Wie hieß es noch in »Stockholm Syndrome«? »A royalist and a drug user / Walk into a bar / Both buy their captors drinks / Accusing the other’s gone too far / Just give them enough rope / Just give them enough rope / How can I feel myself / When I can’t even feel my face? / I’ve got more stories to tell / But I can’t remember time nor place.«

Im Gegensatz zum Vorgängeralbum »Crawler« (2021), auf dem sich neben »Stockholm Syndrome« unter anderem auch »Wizz« und damit der zum Scheitern verurteilte Versuch findet, es mit den doch sehr gemäßigten eigenen Mitteln Napalm Death nachzutun, ist »TANGK« nun eine sanfte Größe. Schon Talbots Zungenschlag ist weit süßlicher, wenn auch nicht frei von gewohnt Schroffem, Verhärmtem, Apathischem.
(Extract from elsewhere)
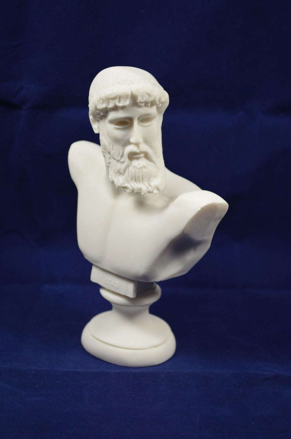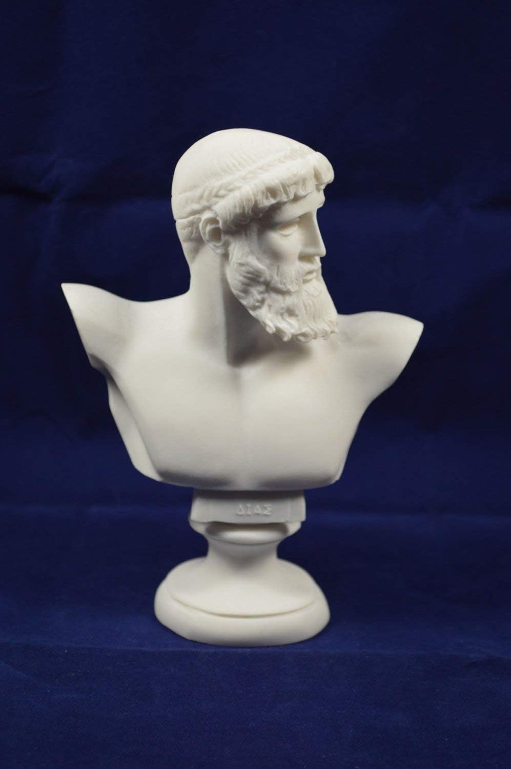 Zeus was the sky and thunder god in ancient Greek religion, who ruled as king of the gods of Mount Olympus. Zeus is the child of Cronus and Rhea, the youngest of his siblings to be born, though sometimes reckoned the eldest as the others required disgorging from Cronus's stomach. In most traditions, he is married to Hera, by whom he is usually said to have fathered Ares, Hebe, and Hephaestus. Zeus was also infamous for his erotic escapades. These resulted in many godly and heroic offspring, including Athena, Apollo, Artemis, Hermes, Persephone, Dionysus, Perseus, Heracles, Helen of Troy, Minos, and the Muses.( Ko3 144) Details: Condition: New, reproduction handmade in Greece. Approximately Height: 16cm - 6.2 inches Width: 12cm - 4.7 inches Weight: 420g Material: Alabaster

Soziale Rechte kann und muss man schließlich einfordern, bei Liebe geht das so nicht.

Dass beides, das Politische wie das Schöne, »mitsammen darstellbar« (Peter Hacks) sein kann und muss, das erfahren wir im Songwriting zu »Gift Horse«; zu hallendem Bass, teils verschwindend leisem Beckengeklimper und mal treibenden, mal sirrenden Gitarren, entfernt sich das lyrische Ich vom »King« dank der Skepsis der Tanzpartnerin dem Monarchen gegenüber: »My baby she’s so raw / I give her love and she gives me more / Ask us to kneel and bow to the floor / She say no and she ask what for / My baby she so strong / She talks me straight when I’m doing wrong / Ask us to sing your empire songs / She laugh tells you where I’m from / My baby she so great / I wake up grateful every day / My baby is beautiful / All is love and love is all / Fuck the king / He ain’t the king / She’s the king.« Es geschieht, was nicht geschehen kann im Kingdom: Der Regent ward abgewählt.
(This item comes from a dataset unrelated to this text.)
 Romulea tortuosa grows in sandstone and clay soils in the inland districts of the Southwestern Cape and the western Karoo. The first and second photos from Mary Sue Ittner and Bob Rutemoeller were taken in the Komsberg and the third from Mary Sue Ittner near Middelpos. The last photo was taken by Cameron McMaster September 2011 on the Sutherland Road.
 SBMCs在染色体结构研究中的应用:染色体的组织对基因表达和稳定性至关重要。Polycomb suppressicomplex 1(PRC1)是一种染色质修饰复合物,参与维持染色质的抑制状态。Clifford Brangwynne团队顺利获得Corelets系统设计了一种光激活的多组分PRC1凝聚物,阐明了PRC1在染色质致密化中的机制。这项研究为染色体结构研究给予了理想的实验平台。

Die Einrichtung der relativ eigenständigen Tanzgesellschaft gelingt aber nicht mühelos, erfährt man durch »Dancer« samt dazugehörigem Video, in dem die Fünferbande als Avantgarde mit zuoberst offenem Hemd voranmarschiert. »Dancers, hip to hip / Dancers, cheek to cheek« ist im Kehrreim die Aufforderung zur Schließung der Reihen, vom Backgroundchor so unter- wie durchstrichen: »Collide us as we work it out.« Derweil sind die im Video auftretenden Alltagsmenschen als Putzkraft oder Kundin in der Autowerkstatt zum Tanzen so animiert wie aufgefordert; eine fröhliche Verausgabung. Nach dem Durchstoßen Huxleyscher Pforten zur Wahrnehmung und kurzer Zusammenkunft der Tanzkommune im rotstichigen Höllenparadies der geschwungenen Hüften, liegt die Kollegin in Arbeitskleidung und ausgelaugt auf dem Boden, den sie grad noch gewischt hat. Ob sie auch in einer besseren Welt liegt, das mag man nur bezweifeln, kann es aber nicht beweisen.

Unklare Aussichten, so unklar wie der Albumtitel: »TANGK« solle man laut Partisan Records so aussprechen wie das englische Wort für Panzer, das aber auch (Wasser-)Tank bedeuten kann und als »to go in the tank« auf einen Akt des vollumfänglichen Versagens verweist. Das eingeschobene »G« wiederum sei Lautmalerei, so das Independentlabel, die Vorstellung der Band von »der peitschenden Art und Weise«, wie sie ihre Gitarren bediene. »Tang« – ob peitschende oder liebkosende, angreifende oder anschmiegende – ist im Englischen die Eigenart von etwas oder jemand. »TANGK« – und das ist die genaueste Definition des Albums, die treffbar ist – ist eigenartig.